BEGIN RECORDS FOR PROCESSING
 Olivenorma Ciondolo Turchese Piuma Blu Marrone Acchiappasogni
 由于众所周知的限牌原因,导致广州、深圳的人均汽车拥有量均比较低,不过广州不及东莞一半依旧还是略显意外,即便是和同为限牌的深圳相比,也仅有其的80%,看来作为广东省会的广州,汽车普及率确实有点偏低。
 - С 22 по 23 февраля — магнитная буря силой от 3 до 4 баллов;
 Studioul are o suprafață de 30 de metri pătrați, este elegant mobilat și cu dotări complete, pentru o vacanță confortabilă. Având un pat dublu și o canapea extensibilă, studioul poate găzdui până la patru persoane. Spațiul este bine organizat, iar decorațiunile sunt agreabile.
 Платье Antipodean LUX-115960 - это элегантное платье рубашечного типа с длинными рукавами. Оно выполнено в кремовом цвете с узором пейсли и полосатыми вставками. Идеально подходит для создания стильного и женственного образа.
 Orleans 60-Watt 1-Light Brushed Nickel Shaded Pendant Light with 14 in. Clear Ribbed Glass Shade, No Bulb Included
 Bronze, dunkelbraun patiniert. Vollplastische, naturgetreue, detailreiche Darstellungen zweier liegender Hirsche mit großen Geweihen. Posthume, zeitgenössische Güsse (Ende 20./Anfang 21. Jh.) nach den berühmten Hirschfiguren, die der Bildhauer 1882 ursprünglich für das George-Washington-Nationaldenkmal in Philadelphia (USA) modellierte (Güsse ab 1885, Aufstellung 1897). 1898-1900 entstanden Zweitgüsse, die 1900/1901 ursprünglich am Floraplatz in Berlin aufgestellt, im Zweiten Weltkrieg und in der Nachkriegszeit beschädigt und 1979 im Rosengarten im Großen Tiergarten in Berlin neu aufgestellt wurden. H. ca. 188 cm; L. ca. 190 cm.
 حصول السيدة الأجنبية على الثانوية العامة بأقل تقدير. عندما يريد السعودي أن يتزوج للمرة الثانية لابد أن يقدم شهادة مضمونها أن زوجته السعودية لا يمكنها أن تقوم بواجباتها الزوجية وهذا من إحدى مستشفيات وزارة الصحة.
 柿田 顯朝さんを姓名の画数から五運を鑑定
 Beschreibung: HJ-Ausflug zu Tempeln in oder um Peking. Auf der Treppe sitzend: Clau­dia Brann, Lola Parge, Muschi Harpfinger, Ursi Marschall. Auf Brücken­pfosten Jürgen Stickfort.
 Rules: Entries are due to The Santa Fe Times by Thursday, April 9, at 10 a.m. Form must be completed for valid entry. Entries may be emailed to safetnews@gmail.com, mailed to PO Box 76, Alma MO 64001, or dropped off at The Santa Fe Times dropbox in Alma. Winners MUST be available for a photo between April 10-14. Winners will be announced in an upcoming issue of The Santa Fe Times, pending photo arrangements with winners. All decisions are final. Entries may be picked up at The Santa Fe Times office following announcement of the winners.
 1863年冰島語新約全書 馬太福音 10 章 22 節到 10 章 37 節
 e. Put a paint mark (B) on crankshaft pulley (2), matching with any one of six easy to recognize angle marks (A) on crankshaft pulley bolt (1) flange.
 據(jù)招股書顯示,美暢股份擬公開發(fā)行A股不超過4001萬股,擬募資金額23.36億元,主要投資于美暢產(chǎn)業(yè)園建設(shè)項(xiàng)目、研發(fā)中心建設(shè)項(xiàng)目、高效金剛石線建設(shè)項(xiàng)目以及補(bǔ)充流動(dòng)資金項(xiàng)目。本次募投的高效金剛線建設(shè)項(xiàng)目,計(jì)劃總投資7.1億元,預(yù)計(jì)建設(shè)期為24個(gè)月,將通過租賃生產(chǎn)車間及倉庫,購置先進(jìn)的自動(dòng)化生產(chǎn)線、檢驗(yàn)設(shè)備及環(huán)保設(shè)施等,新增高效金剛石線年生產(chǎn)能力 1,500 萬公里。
END RECORDS FOR PROCESSING
### DIRECTIONS
Using the records above, restate word for word the lines from the one with "Платье Antipodean LUX-115960" through the one with "Bronze, dunkelbraun patiniert.", both included.

### RESULT BELOW
 Платье Antipodean LUX-115960 - это элегантное платье рубашечного типа с длинными рукавами. Оно выполнено в кремовом цвете с узором пейсли и полосатыми вставками. Идеально подходит для создания стильного и женственного образа.
 Orleans 60-Watt 1-Light Brushed Nickel Shaded Pendant Light with 14 in. Clear Ribbed Glass Shade, No Bulb Included
 Bronze, dunkelbraun patiniert. Vollplastische, naturgetreue, detailreiche Darstellungen zweier liegender Hirsche mit großen Geweihen. Posthume, zeitgenössische Güsse (Ende 20./Anfang 21. Jh.) nach den berühmten Hirschfiguren, die der Bildhauer 1882 ursprünglich für das George-Washington-Nationaldenkmal in Philadelphia (USA) modellierte (Güsse ab 1885, Aufstellung 1897). 1898-1900 entstanden Zweitgüsse, die 1900/1901 ursprünglich am Floraplatz in Berlin aufgestellt, im Zweiten Weltkrieg und in der Nachkriegszeit beschädigt und 1979 im Rosengarten im Großen Tiergarten in Berlin neu aufgestellt wurden. H. ca. 188 cm; L. ca. 190 cm.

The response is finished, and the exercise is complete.